= Goal of the exercise =
Pictures stay out of the copy. Retype exactly the lines below from the one with "そして、2本の海老フライにた" through the one with "Au Talat Pratu".

= Material provided =

══════

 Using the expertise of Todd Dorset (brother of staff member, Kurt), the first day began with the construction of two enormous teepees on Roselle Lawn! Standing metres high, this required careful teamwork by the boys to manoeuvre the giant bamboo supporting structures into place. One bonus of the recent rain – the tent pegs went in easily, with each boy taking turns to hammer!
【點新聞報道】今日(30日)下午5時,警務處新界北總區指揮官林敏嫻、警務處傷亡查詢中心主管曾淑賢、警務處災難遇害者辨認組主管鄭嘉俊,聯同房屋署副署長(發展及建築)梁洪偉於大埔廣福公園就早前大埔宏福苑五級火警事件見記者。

══════

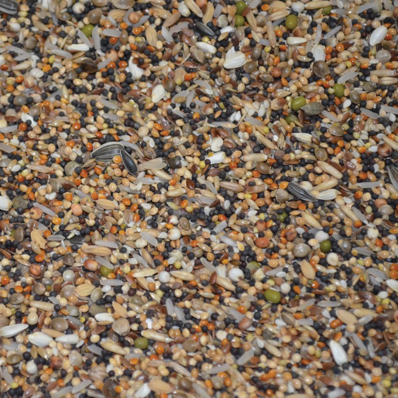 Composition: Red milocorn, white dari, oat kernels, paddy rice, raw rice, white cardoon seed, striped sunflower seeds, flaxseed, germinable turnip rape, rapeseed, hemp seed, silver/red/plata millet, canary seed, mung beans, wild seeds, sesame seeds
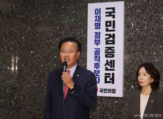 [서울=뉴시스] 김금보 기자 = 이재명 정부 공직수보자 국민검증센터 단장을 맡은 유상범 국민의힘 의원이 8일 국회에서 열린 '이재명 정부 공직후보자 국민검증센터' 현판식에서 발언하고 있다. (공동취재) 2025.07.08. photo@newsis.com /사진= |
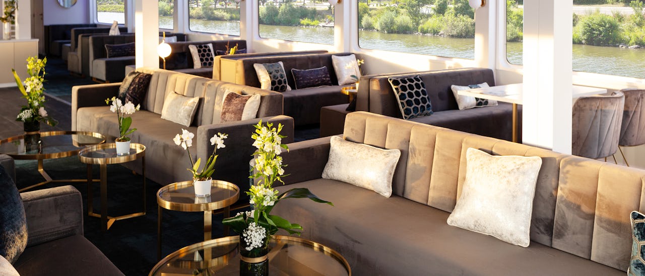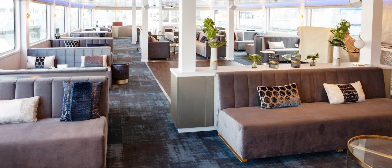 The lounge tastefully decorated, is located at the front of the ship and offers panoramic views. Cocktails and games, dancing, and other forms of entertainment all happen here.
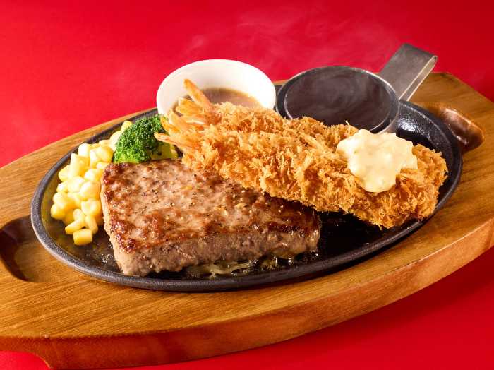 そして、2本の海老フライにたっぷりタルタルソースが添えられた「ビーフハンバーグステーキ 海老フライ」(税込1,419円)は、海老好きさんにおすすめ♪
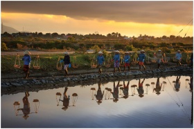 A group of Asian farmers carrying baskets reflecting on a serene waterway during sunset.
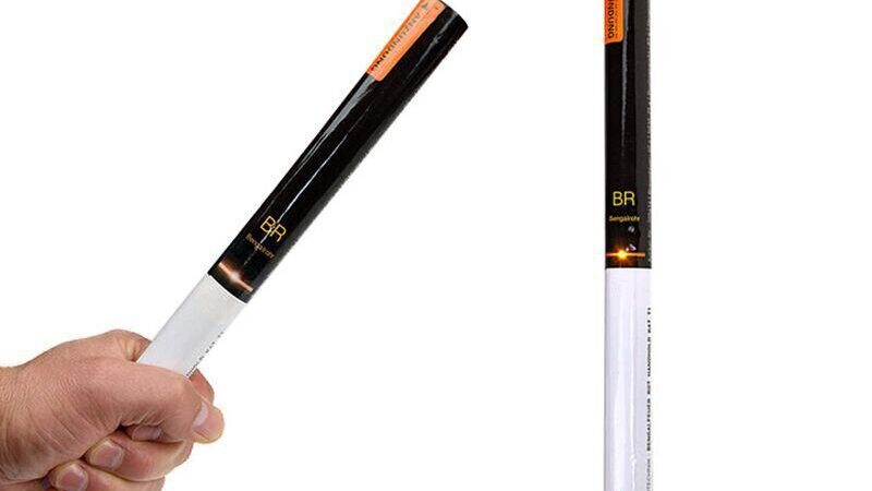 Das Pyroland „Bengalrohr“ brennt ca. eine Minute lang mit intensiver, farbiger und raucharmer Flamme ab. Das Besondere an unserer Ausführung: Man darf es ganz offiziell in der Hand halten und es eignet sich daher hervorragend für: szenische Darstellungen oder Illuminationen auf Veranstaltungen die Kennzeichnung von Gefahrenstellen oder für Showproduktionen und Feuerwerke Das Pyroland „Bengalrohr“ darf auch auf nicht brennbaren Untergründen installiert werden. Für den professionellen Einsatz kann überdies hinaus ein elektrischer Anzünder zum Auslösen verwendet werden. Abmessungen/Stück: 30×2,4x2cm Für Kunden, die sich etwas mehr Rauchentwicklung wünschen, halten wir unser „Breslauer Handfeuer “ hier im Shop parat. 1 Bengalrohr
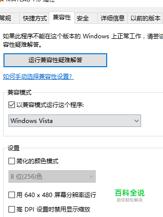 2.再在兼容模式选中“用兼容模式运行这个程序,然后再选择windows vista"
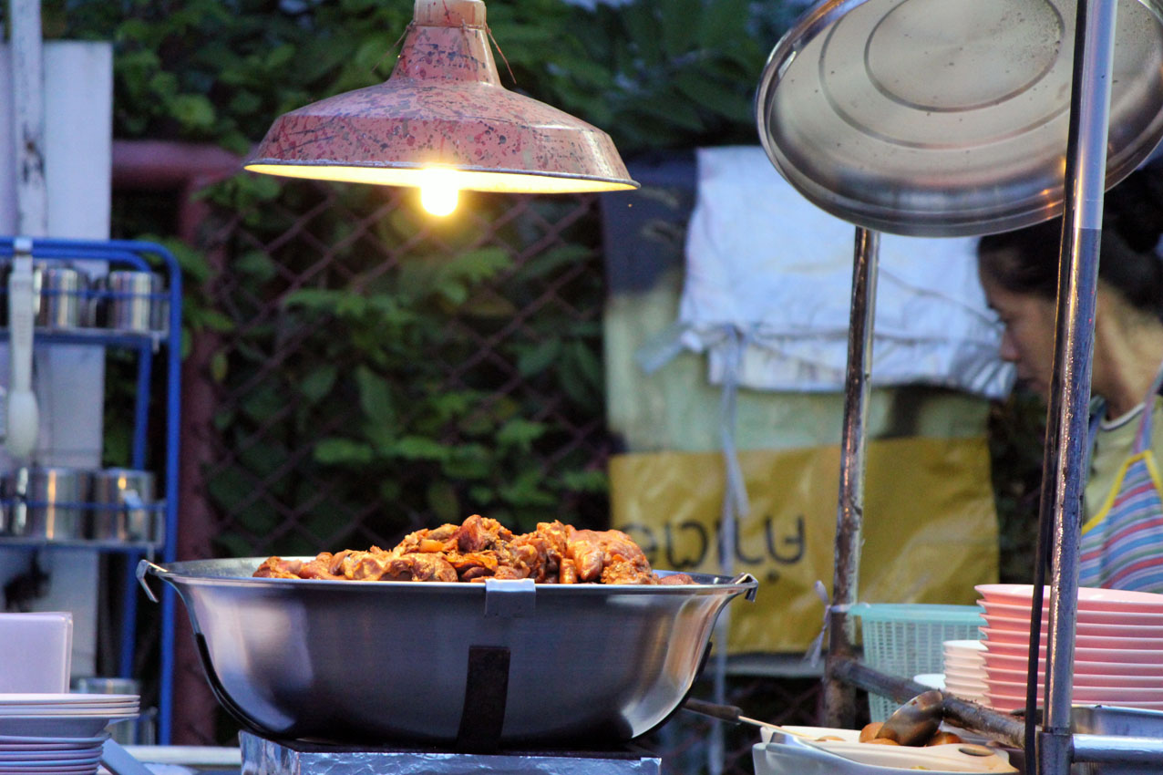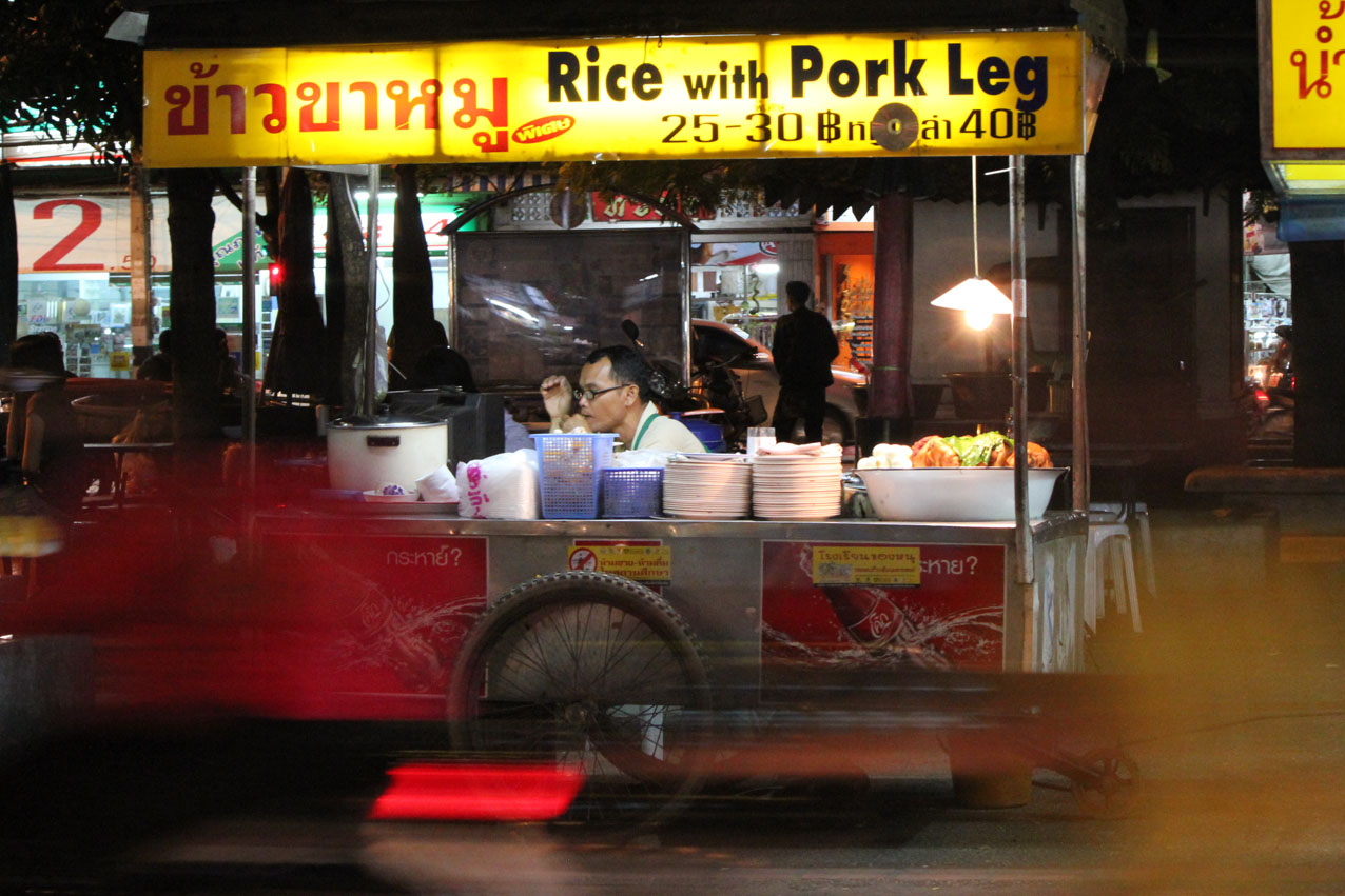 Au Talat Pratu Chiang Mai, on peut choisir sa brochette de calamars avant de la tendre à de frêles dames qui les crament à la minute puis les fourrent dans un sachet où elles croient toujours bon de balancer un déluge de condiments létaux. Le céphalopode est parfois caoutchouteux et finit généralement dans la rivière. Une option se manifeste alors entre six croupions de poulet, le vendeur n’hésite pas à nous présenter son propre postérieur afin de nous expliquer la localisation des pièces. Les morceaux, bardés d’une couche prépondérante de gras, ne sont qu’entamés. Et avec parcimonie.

══════

= Task response =
 そして、2本の海老フライにたっぷりタルタルソースが添えられた「ビーフハンバーグステーキ 海老フライ」(税込1,419円)は、海老好きさんにおすすめ♪
 A group of Asian farmers carrying baskets reflecting on a serene waterway during sunset.
 Das Pyroland „Bengalrohr“ brennt ca. eine Minute lang mit intensiver, farbiger und raucharmer Flamme ab. Das Besondere an unserer Ausführung: Man darf es ganz offiziell in der Hand halten und es eignet sich daher hervorragend für: szenische Darstellungen oder Illuminationen auf Veranstaltungen die Kennzeichnung von Gefahrenstellen oder für Showproduktionen und Feuerwerke Das Pyroland „Bengalrohr“ darf auch auf nicht brennbaren Untergründen installiert werden. Für den professionellen Einsatz kann überdies hinaus ein elektrischer Anzünder zum Auslösen verwendet werden. Abmessungen/Stück: 30×2,4x2cm Für Kunden, die sich etwas mehr Rauchentwicklung wünschen, halten wir unser „Breslauer Handfeuer “ hier im Shop parat. 1 Bengalrohr
 2.再在兼容模式选中“用兼容模式运行这个程序,然后再选择windows vista"
 Au Talat Pratu Chiang Mai, on peut choisir sa brochette de calamars avant de la tendre à de frêles dames qui les crament à la minute puis les fourrent dans un sachet où elles croient toujours bon de balancer un déluge de condiments létaux. Le céphalopode est parfois caoutchouteux et finit généralement dans la rivière. Une option se manifeste alors entre six croupions de poulet, le vendeur n’hésite pas à nous présenter son propre postérieur afin de nous expliquer la localisation des pièces. Les morceaux, bardés d’une couche prépondérante de gras, ne sont qu’entamés. Et avec parcimonie.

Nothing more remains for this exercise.